岗位描述
The Role
We're looking for a Data Engineer to join our Data Engineering team and play a pivotal role in shaping how Tesla leverages data across its Sales, Delivery, and Service lifecycle. You'll design, build, and scale our Enterprise Data Warehouse and AI/BI-powered intelligent solutions — directly impacting how the entire organization makes decisions, optimizes operations, and delivers on Tesla's mission.
This is a high-visibility role with the opportunity to work at the intersection of large-scale data engineering and applied AI, building systems that serve teams and factories across the globe.
Responsibilities:
Architect & Deliver enterprise-grade Data Warehouse solutions in fast-paced, deadline-driven environments.
Build & Optimize ETL/ELT pipelines at scale using Spark, Flink, and related technologies.
Design Real-Time Data Infrastructure — implement streaming and event-driven architectures using Kafka, Spark Streaming, and similar frameworks.
Develop AI-Powered Data Agents that interface with LLMs, data warehouses, and BI platforms — engineered to handle high-throughput traffic with reliability and low latency.
Standardize & Scale BI Solutions across APAC operations, ensuring consistency and reusability across regions.
Translate Business Challenges into Technical Solutions — partner closely with stakeholders to decompose complex pain points into well-scoped, executable engineering deliverables.
Establish Robust Automation — build scalable, repeatable processes for data analysis, model development, validation, and deployment.

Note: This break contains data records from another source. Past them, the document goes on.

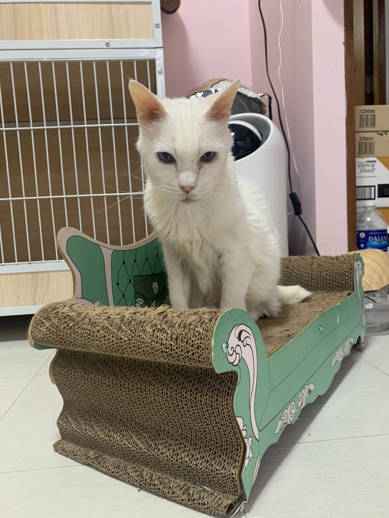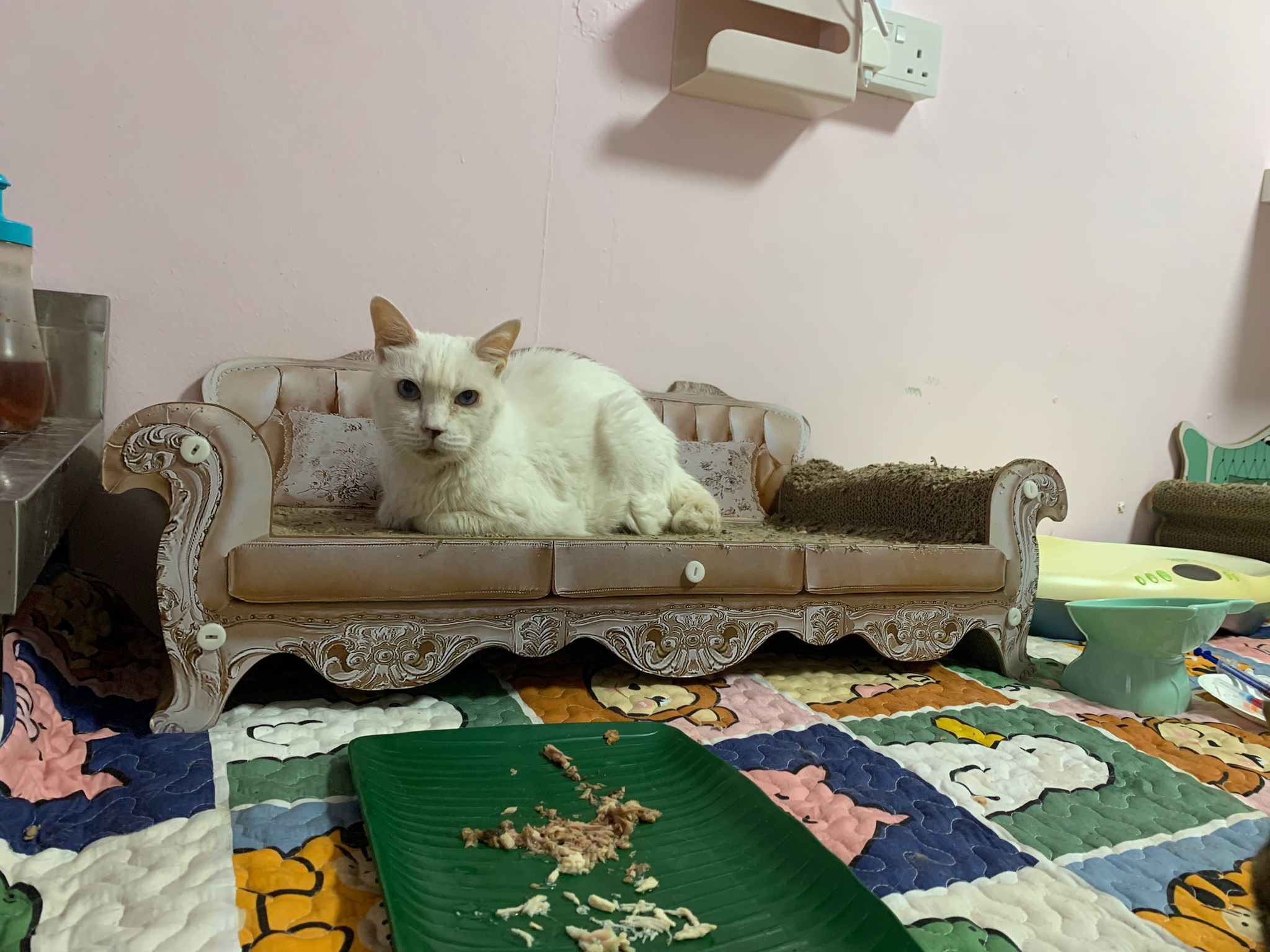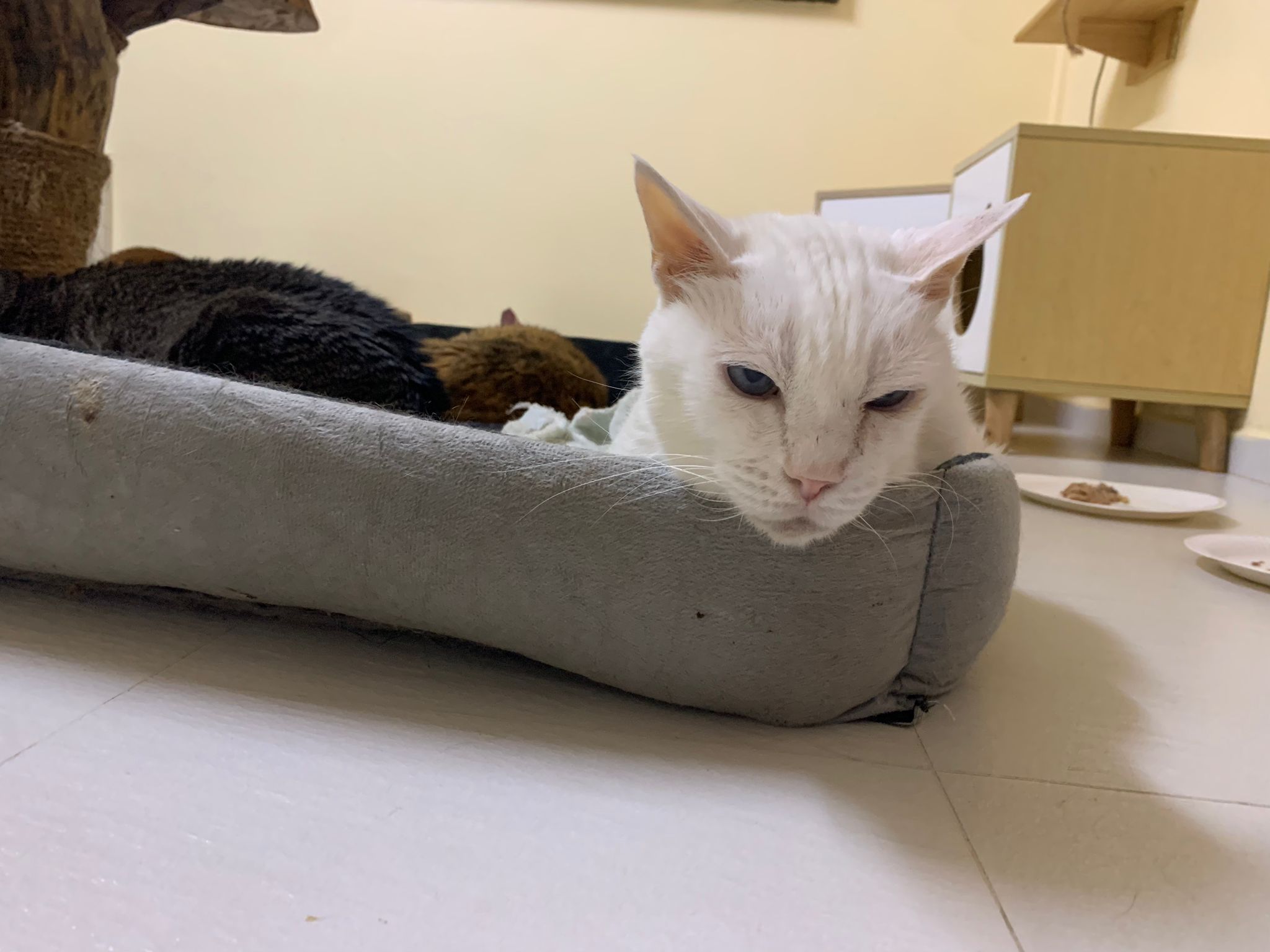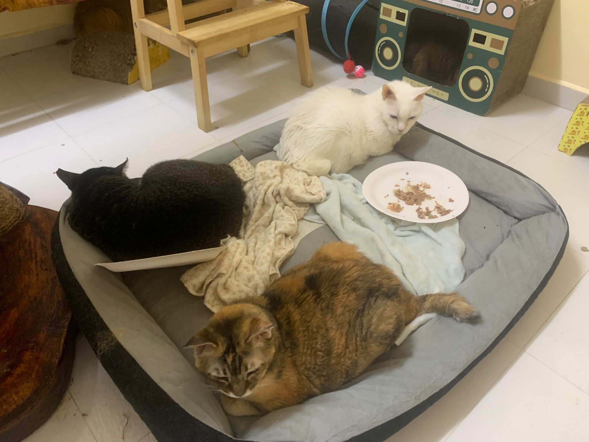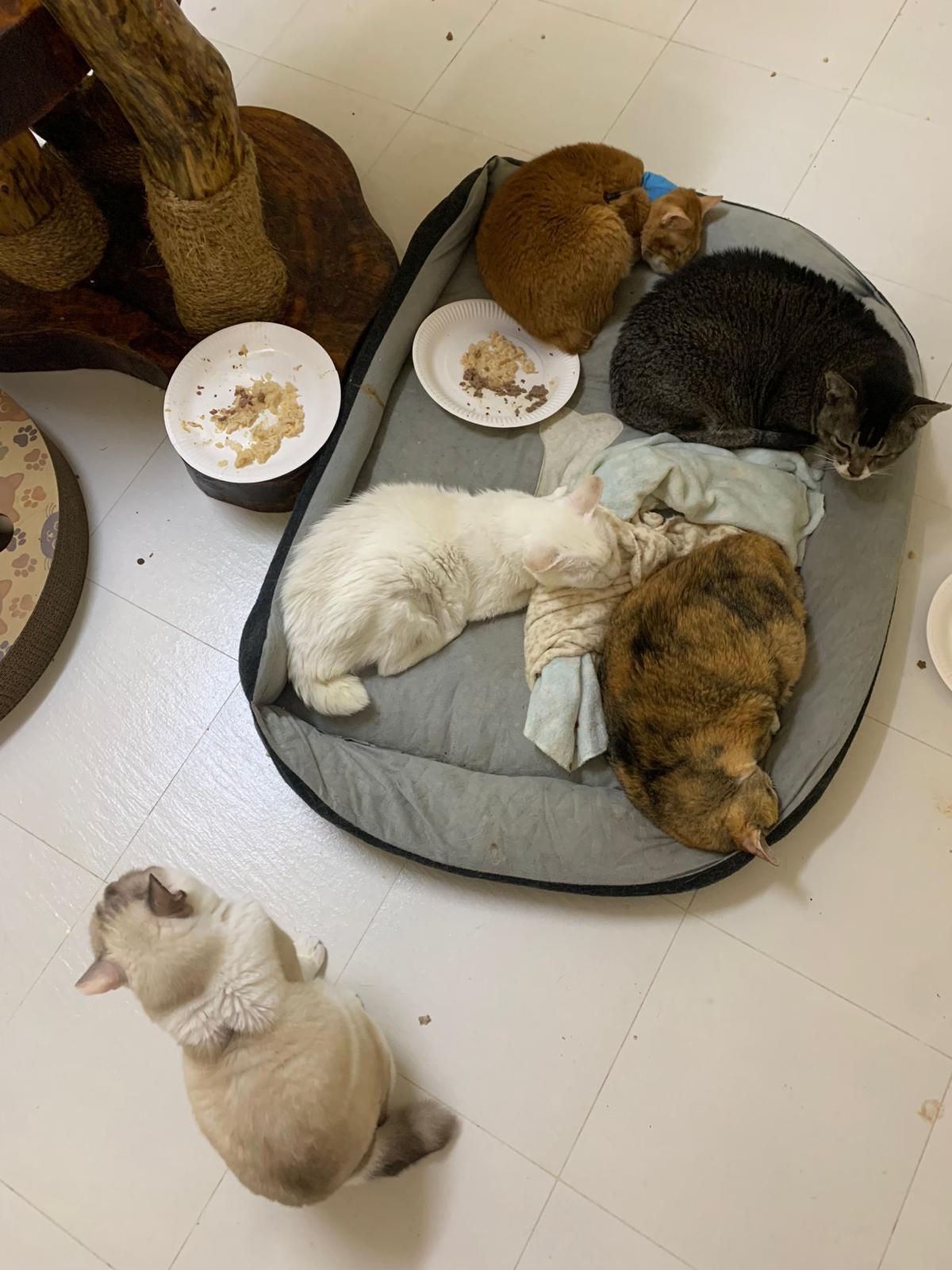 12.45pm. Go back room first time eat her salmon n indoor – oh 猫房 inside I give chicken kibble not to her liking. But I carry her to big bed she also down want. She like the old grey one that i had thrown?
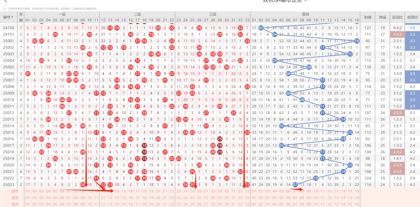 1、红球特征分析:(通过整体走势不难看出每期开奖号都具备以下明显的特征点)
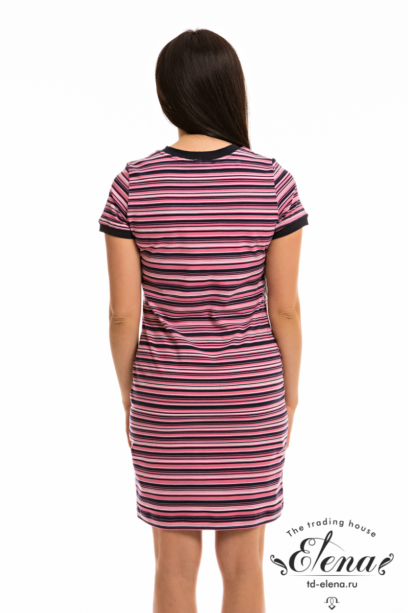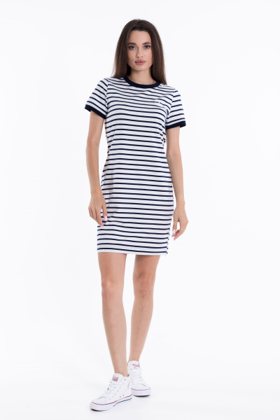 Летнее платье облегающего силуэта выполнено из х/б полотна с лайкрой. Круглый вырез горловины и низ рукавов оформлены планками. Спереди нанесена термопечать.

Collaborate Cross-Functionally with business sponsors and IT teams to prioritize, estimate, and deliver enhancements — especially under time-critical conditions.
Requirements
Must Qualifications
Proven experience designing and operating large-scale data pipelines in production environments.
Strong expertise in Data Warehouse ETL/ELT design, development methodologies, tooling, and best practices.
Hands-on experience with AI agent development, including working knowledge of coding agents, LLM integration patterns, LLM Wiki, and tool/skill orchestration.
Preferred Qualifications
3+ years of hands-on development experience with technologies such as Hive, Hadoop, StarRocks, Spark, and/or Flink.
Deep experience with data warehouse architecture and data middle platform design, development, and governance.
Genuine passion for applying AI/ML to real-world engineering problems — you don't just use the tools, you push their boundaries.
Familiarity with high-concurrency system design and performance optimization for analytics platforms.
Strong communication skills with the ability to operate effectively across technical and non-technical audiences.